(STORED DATA)
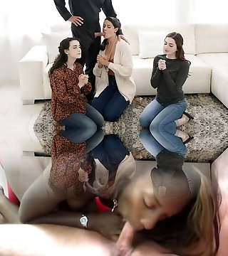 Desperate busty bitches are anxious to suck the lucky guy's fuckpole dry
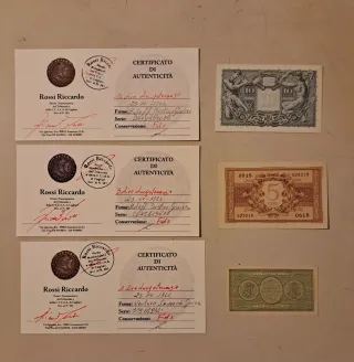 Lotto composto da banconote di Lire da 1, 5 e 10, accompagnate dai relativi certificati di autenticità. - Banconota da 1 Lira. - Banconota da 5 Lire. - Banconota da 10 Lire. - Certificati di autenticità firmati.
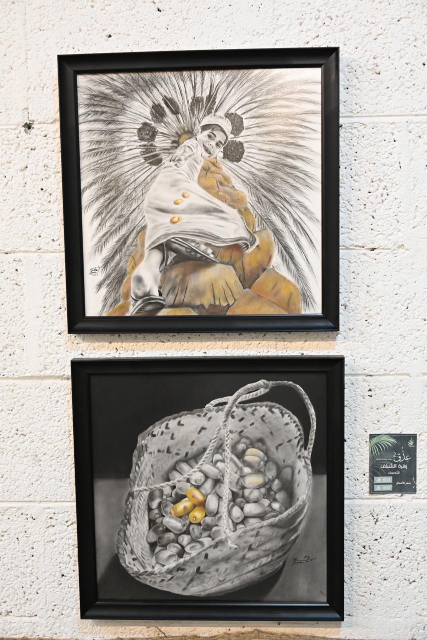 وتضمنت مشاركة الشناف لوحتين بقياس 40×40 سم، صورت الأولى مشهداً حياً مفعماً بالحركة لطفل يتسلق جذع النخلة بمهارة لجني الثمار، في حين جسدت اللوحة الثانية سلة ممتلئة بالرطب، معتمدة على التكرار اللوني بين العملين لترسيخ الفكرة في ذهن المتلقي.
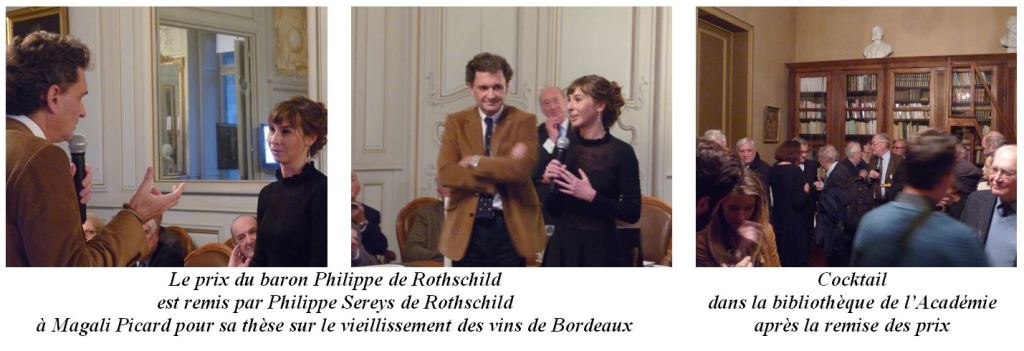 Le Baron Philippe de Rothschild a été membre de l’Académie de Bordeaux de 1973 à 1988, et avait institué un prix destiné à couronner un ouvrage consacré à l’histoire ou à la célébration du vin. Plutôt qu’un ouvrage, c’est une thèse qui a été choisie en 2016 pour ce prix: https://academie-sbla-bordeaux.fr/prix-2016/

(WORK REQUEST) Without any pictures, write out the lines running from the one containing "Lotto composto da" through the end of the listing above, both included, exactly as given.

(TASK OUTPUT)
 Lotto composto da banconote di Lire da 1, 5 e 10, accompagnate dai relativi certificati di autenticità. - Banconota da 1 Lira. - Banconota da 5 Lire. - Banconota da 10 Lire. - Certificati di autenticità firmati.
 وتضمنت مشاركة الشناف لوحتين بقياس 40×40 سم، صورت الأولى مشهداً حياً مفعماً بالحركة لطفل يتسلق جذع النخلة بمهارة لجني الثمار، في حين جسدت اللوحة الثانية سلة ممتلئة بالرطب، معتمدة على التكرار اللوني بين العملين لترسيخ الفكرة في ذهن المتلقي.
 Le Baron Philippe de Rothschild a été membre de l’Académie de Bordeaux de 1973 à 1988, et avait institué un prix destiné à couronner un ouvrage consacré à l’histoire ou à la célébration du vin. Plutôt qu’un ouvrage, c’est une thèse qui a été choisie en 2016 pour ce prix: https://academie-sbla-bordeaux.fr/prix-2016/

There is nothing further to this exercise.